If I can grab one off of a 90' 4 cylinder truck like mine, at least it would bolt right on. So, if it indeed bolts on, without issue, where would my main issues lie, for example, rebuilding the compressor? I know it could be a number of things, and maybe, nothing will work properly. Yeah, a crap shoot, but I'm having such a hard time justifying 800 big ones on my pickup for A/C. 

I'm also looking for gray bucket seats, door panels w/ full power window & lock. 
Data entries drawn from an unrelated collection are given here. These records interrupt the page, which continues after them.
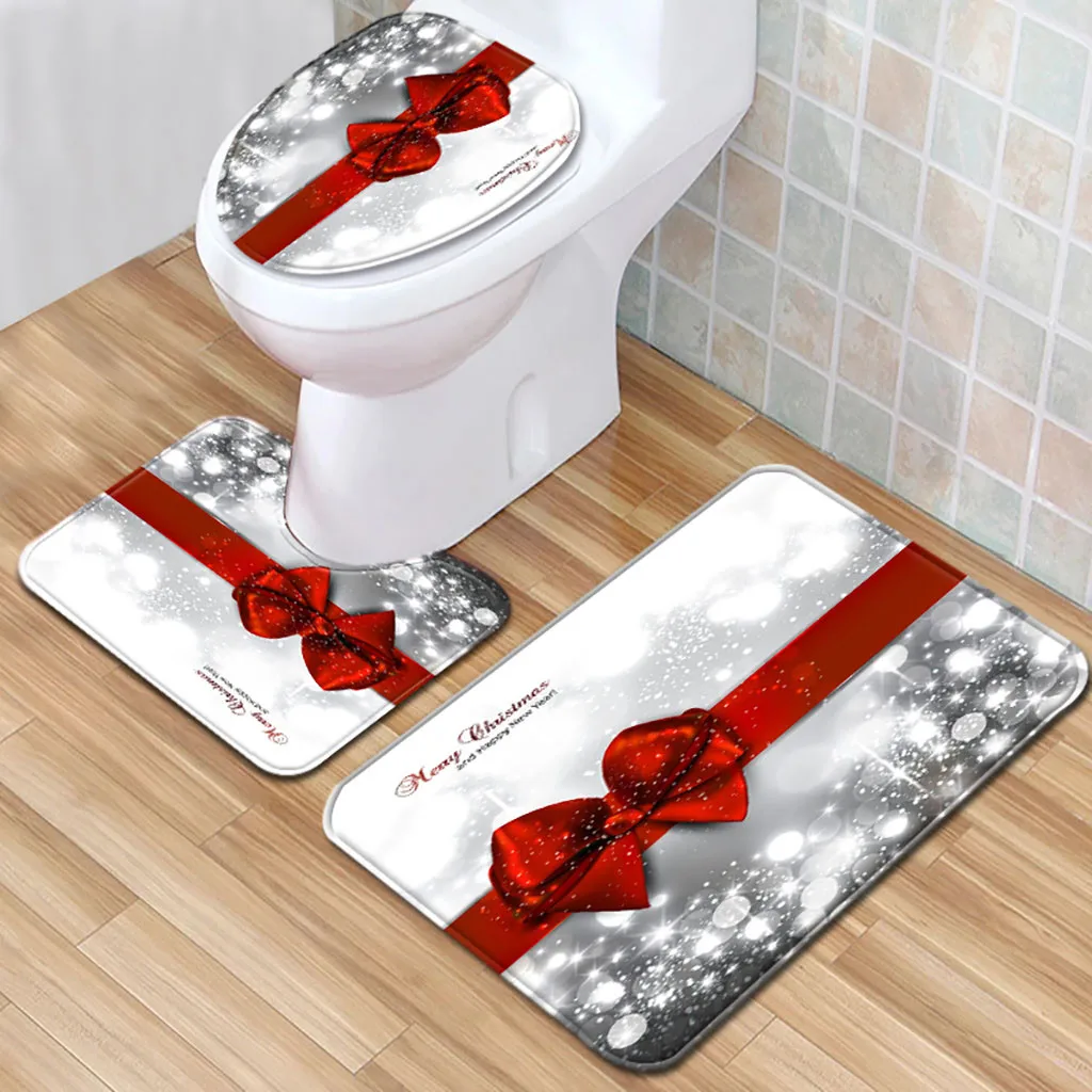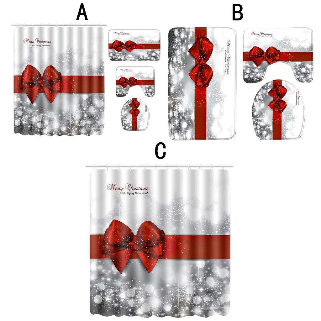 Коврик для ванной и душевой занавески с принтом Санты и банта, комплект из четырех предметов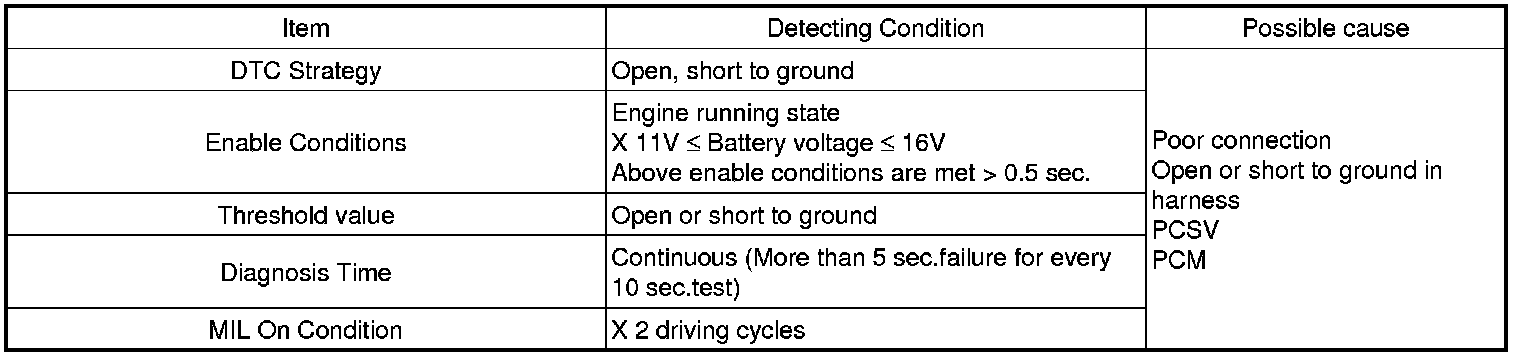 Checking output signals from PCSV every 10 sec. under detecting condition, if signals indicating open or short to ground in the circuit are detected for more than 5 sec., PCM sets P0444. MIL (Malfunction Indication Lamp) turns on when the malfunction lasts till consecutive 2 driving cycle.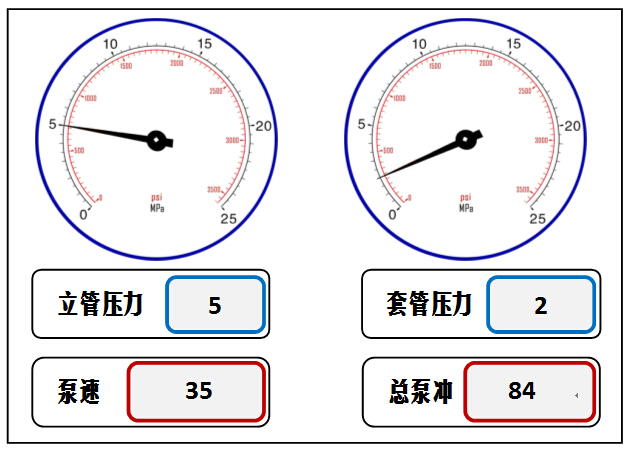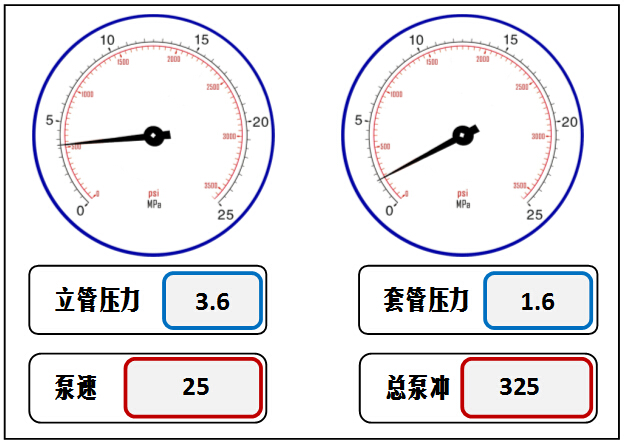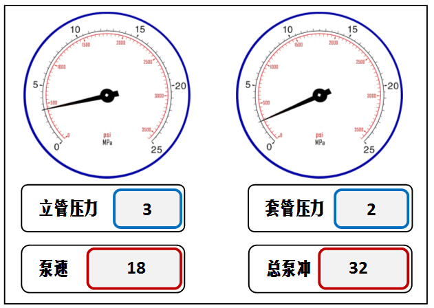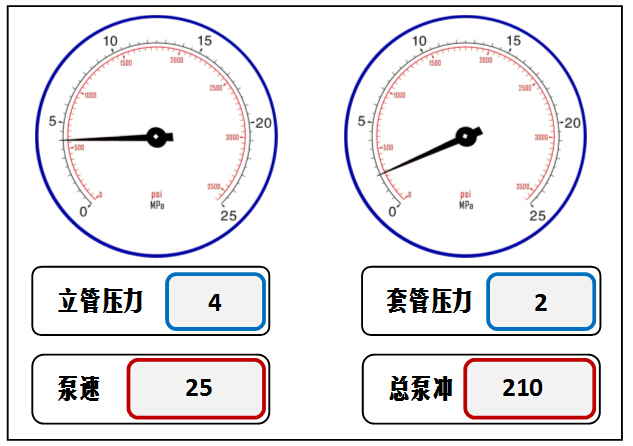 141.[ZJJK08-01-X]发生溢流关井后,求取的立压与套压如图所示,之前测得的压井泵速25冲/分钟时的循环立压为3MPa,则进行压井作业时的初始循环总压力为( )MPa。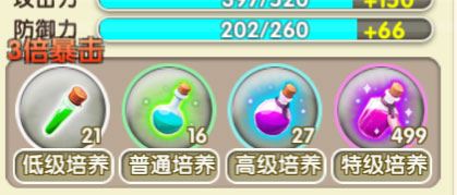 每次提升宠物品阶,都会增加生命值、攻击力和防御力。通过使用培养液来提升这些属性,培养液的品质不同,增加的属性也不同,分为低级、普通、高级和特级。品质越高,提升的基础属性越高,暴击几率也会增加。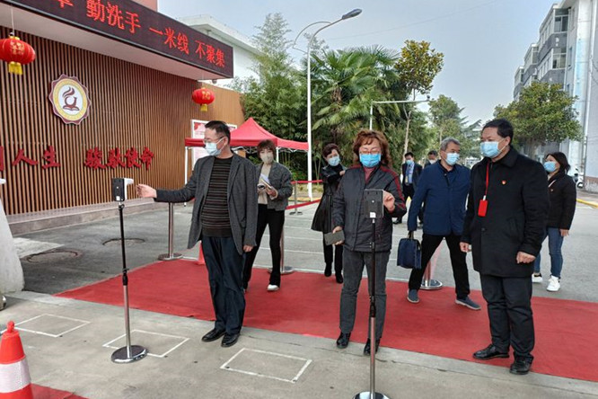 图为督察组一行进行测温进校检查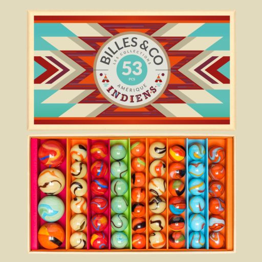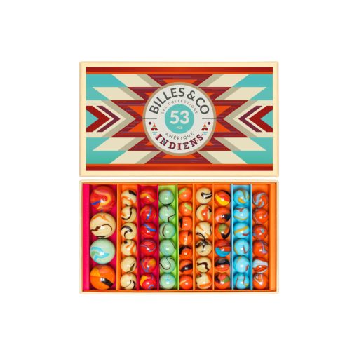 A American Natives szett 53 darab üveggolyót és lövedéket tartalmaz, melyek mindegyike gondosan válogatott a témához illő szín- és mintavariációkban: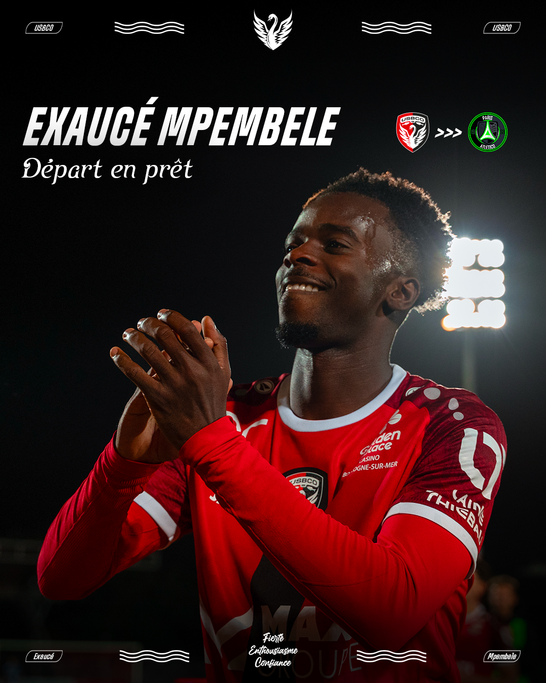 Départ en Prêt | Exaucé Mpembele Publié le : 26/01/2026L’US Boulogne Côte d’Opale annonce le prêt d’Exaucé Mpembélé au Paris 13 Atletico, jusqu’à la fin de la saison.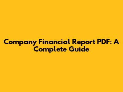 Company Financial Report PDF: A Complete Guide

Thanks again, and will let you guys know if I find anything!


----------



## saudade (Apr 10, 2010)

SPEEDO said:


> Thats the company! I couldnt remember the name.. good find!
> A friend had a kit installed in his 67 Mustang, he was happy with it


They have a pretty good AC forum too.


----------



## saudade (Apr 10, 2010)

smj999smj said:


> I looked at that site earlier but they didn't have anything for the 2.4L Hardbody.


I noted that a while ago. The link above is for the '94 Pathy with the 2.4L engine. As risky as it is, I made an assumption it would fit the D21 as well.

The guys are pretty knowledgeable so a phone call is worth the time to verify if you choose to go that way.


----------



## SPEEDO (Jun 9, 2003)

back in 87 I spent $500 for a a/c kit, it was money well spent! (I am in PHX) 
I have not had to touch that system.. until this year, my compressor is making noise, looks like a bad seal


----------